As previously reported, on September 22, 2004, Akorn, Inc. (the Company) and Strides Arcolab
Limited, a pharmaceutical manufacturer based in India (Strides), entered into certain agreements
providing for a joint venture for the development, manufacturing and marketing of grandfathered
products, patent-challenging products and abbreviated new drug application products for the United
States hospital and retail markets. The joint venture has operated in the form of a Delaware
limited liability company named Akorn-Strides, LLC (A-S). Under an OEM Agreement between Strides
and A-S dated September 22, 2004, as amended (the OEM Agreement), entered into as part of the
joint venture, Strides is responsible for developing, manufacturing and supplying products.
On December 6, 2006, A-S entered into a Fifth Amendment to OEM Agreement (the Fifth
Amendment) with Strides.
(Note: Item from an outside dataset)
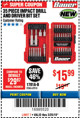 BAUER IMPACT DRILL AND DRIVER BIT SET, 35-PIECE Lot No. 63910 Expired: 3/25/18 - $15.99 Coupon Code: '16985520'

Among other things, the Fifth Amendment amends the OEM Agreement to (i)
revise and replace the former Exhibit B ANDA Schedule with an updated Exhibit B-1 ANDA
Schedule, (ii) add new products under the OEM Agreement pursuant to a new Exhibit B-2 Additional
ANDA Schedule, (iii) provide for the future payment of additional registration costs for the
development of the additional products set forth in Exhibit B-2 Additional ANDA Schedule, and
(iv) acknowledge the abandonment of certain products and the reallocation of the amount received by
Strides as additional registration costs therefore towards registration costs referenced in Exhibit
B-1 ANDA Schedule.
The description of the Fifth Amendment herein is only a summary and is qualified in its
entirety by the full text of such document, which is filed as an exhibit hereto and is incorporated
by reference herein.
On September 22, 2004, (i) the Company and Strides entered into a Limited Liability Company
Agreement for the management of A-S, (ii) the Company and A-S entered into a Sales and Marketing
Agreement for the exclusive sales and marketing of products, (iii) A-S executed a Promissory Note
for the benefit of the Company, and (iv) Strides executed a Capital Contribution Agreement for the
benefit of A-S. A-S and Strides have also entered into four earlier amendments to the OEM
Agreement, which were not deemed to be material amendments when executed, but are filed as exhibits
hereto for explanatory purposes.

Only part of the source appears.